FCA rears its head on insider trading after 5 years of silence
The FCA has noticed a spike in buying activity of shares in companies that are about to conduct a major deal, therefore has launched an inquiry into insider trading.
Britain’s Financial Conduct Authority (FCA) may well be one of the world’s most highly respected regulatory authorities when it comes to protecting the interests of customers of electronic trading companies, as well as one of the most forward thinking in terms of keeping pace with new developments in the financial sector by way of providing a framework to stimulate innovation in the form of its FinTech sandbox.
More traditional forms of trading involving more traditional asset classes, however, have gone by the wayside slightly over recent times, however, with the means by which company stock is traded having been a silent point for five years.
Insider trading – the practice of trading company stock whilst armed with knowledge from inside the company that other traders are not party to, is illegal in most jurisdictions and often punishable by criminal trial, however in Britain, the FCA has not brought any insider trading cases to court since 2011.
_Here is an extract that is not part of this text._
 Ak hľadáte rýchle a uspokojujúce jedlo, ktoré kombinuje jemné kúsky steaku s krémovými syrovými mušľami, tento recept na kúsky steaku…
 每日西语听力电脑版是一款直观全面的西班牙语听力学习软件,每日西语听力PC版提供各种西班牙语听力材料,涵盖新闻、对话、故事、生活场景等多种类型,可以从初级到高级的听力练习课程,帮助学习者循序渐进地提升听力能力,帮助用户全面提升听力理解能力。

This week, the sleeping giant has woken from its 5 year slumber and has begun an investigation into what it considers to be inside traders targeting new companies that have floated stock on London’s exchanges post IPO.
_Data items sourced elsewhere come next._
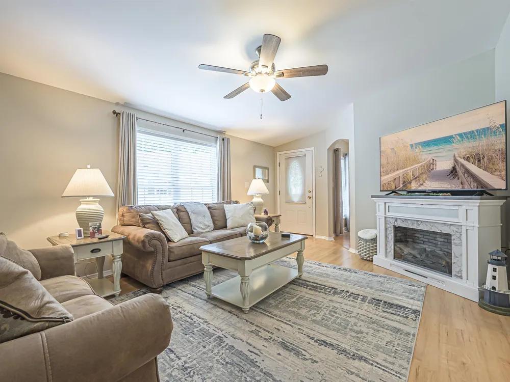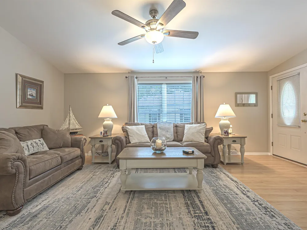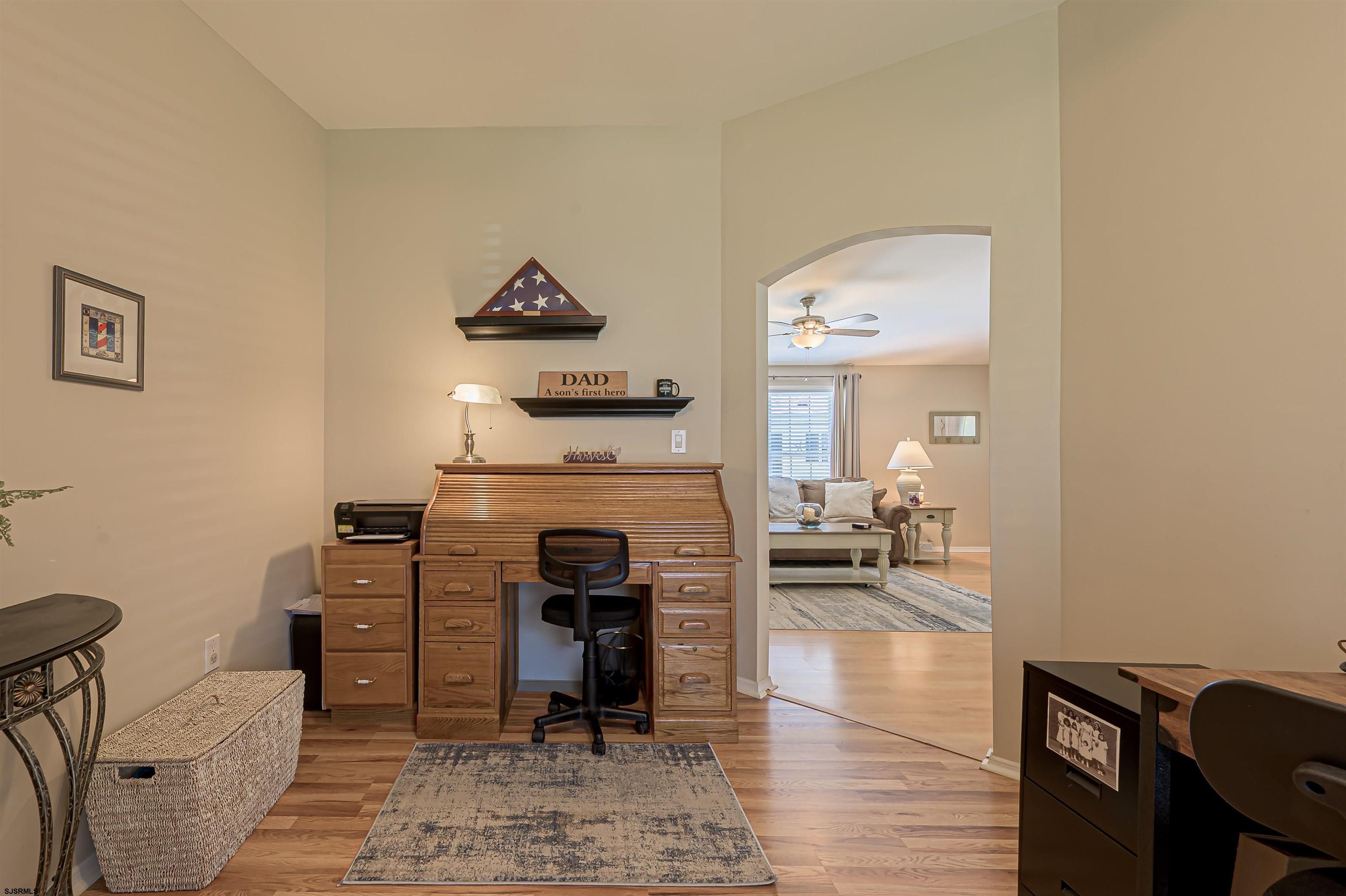 Welcome to 156 Muirfield Ct, located in the highly sought-after community of The Fairways at Mays Landing! Tucked away on a quiet cul-de-sac and situated along the 2nd tee, this meticulously maintained, and beautifully decorated home is a true gem that exudes pride of ownership from the moment you arrive. The charming front porch invites you to sit back and relax for hours, perfect for rocking chairs and enjoying the peaceful surroundings. Inside, you'll find a freshly painted interior featuring a spacious living room with soaring ceilings and abundant natural light. The sun-filled kitchen offers direct access to the porch through sliding glass doors, making indoor-outdoor living seamless. The elegant dining room is ideal for hosting gatherings and holiday dinners. The primary suite is a luxurious retreat with a large walk-in closet and a beautifully updated ensuite bath. The second bedroom is generously sized and fit for a queen, while the versatile den can easily function as a third bedroom, home office, or cozy reading nook. A one-and-a-half-car garage adds extra value—fully sheet rocked, painted, and offering excellent storage or potential for a hobby or fitness space. Step outside to the custom-designed backyard—perfect for entertaining, hosting BBQs, or simply enjoying the tranquility of nature and views of the golfers passing by. Newer roof, Newer tankless hot water heater! Residents of The Fairways enjoy fantastic amenities including a community pool, billiards room, library, gym, and great room—all complemented by a calendar full of social activities. The location is unbeatable—close to shopping, the bike path, and just a short drive to the beautiful Jersey Shore beaches. Don’t miss your chance to own this stunning home in one of Mays Landing’s premier communities. Schedule your private tour today and fall in love with where you live!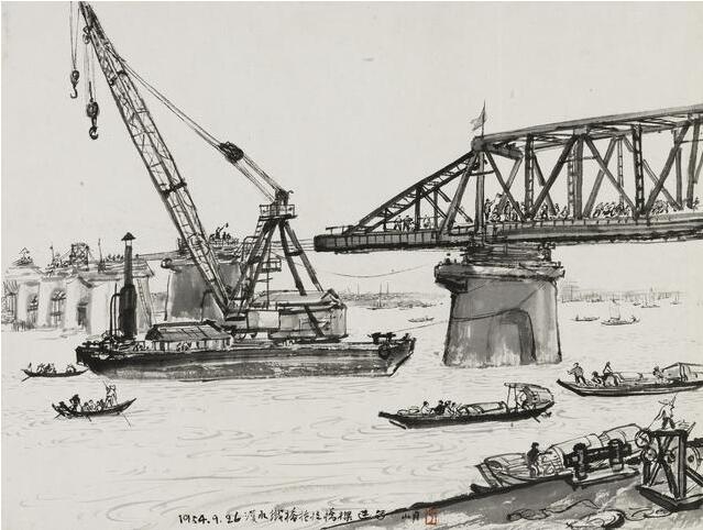 漢水鐵橋於1953年十一月底動工修建,並在百年來最高水位的洪水威脅中用戰鬥的精神堅持了工作。此畫創作於1954年九月,作為表現武漢勞動景象的代表作品之一,關山月在此畫中描繪了漢水鐵橋工人們正在起重機後方拖拉橋梁的情景。揮著旗子、喊著口號,大家竭盡全力,氣勢如虹,引得江上大小船只紛紛駐足觀望。看似風景速寫,實則栩栩如生還原了人民群眾的生產生活,再現這座工業城市的無限活力,從中體現作者由國家建設取得巨大成就而產生的強烈自豪感和創作激情。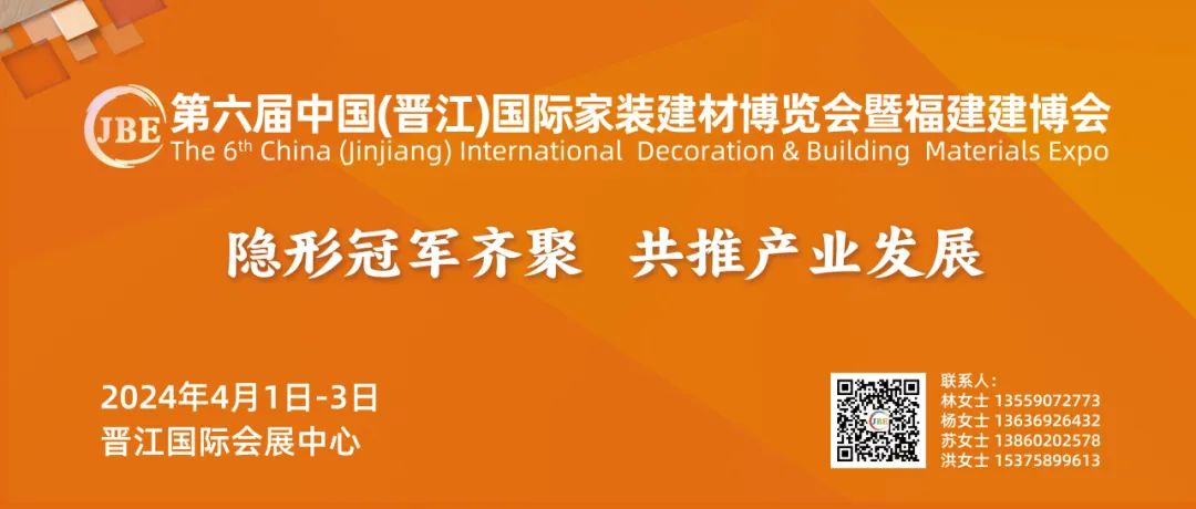 第六届中国(晋江)国际家装建材博览会暨福建建博会将于2024年4月1-3日在晋江国际会展中心隆重举办,同期举办福建家居五金制品展、福建古建筑展。展会规模盛大、特色鲜明,融合行业渠道及采购商,是国内外线下建装行业招商合作优选平台!

This investigation was brought about as a result of a sudden spike in the price of shares of newly floated companies just before events such as mergers and acquisitions took place involving companies whose stock was present in this spike.
Whilst very hard to prove, largely due to the common practice of traders seeking to execute deals on stock with regard to which they have inside knowledge asking acquaintances that are outside the firm to conduct the trading based on information passed to them, thus covering their tracks, investigations into sudden patterns such as this can sometimes be fruitful even if very complex.
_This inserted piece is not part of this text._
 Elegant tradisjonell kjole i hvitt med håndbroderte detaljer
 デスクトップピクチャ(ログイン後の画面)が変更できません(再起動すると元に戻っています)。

Indeed, in some cases, even courts are unable to determine the root cause, resulting in very high costs and long, drawn out trials.
In this particular case, the FCA has noted that companies that were involved in 19% of all mergers and acquisitions have been subject to suspicious buying activity before official announcements were made, which is a 14% increase since 2014.
The FCA maintains that whilst no censuring of insider deals has taken place since 2011, the regulator has been training companies to spot unusual trades and also encourages brokerages to submit suspicious transaction reports when they see signs of market abuse, thus placing the onus on companies in the way that a self-regulatory organization may do.
Britain remains a transparent market, despite its sheer volume and size, and indeed actions such as this by the FCA are vital in order not just to preserve its reputation as a first class regulator, but also to preserve that of London’s prestigious venues.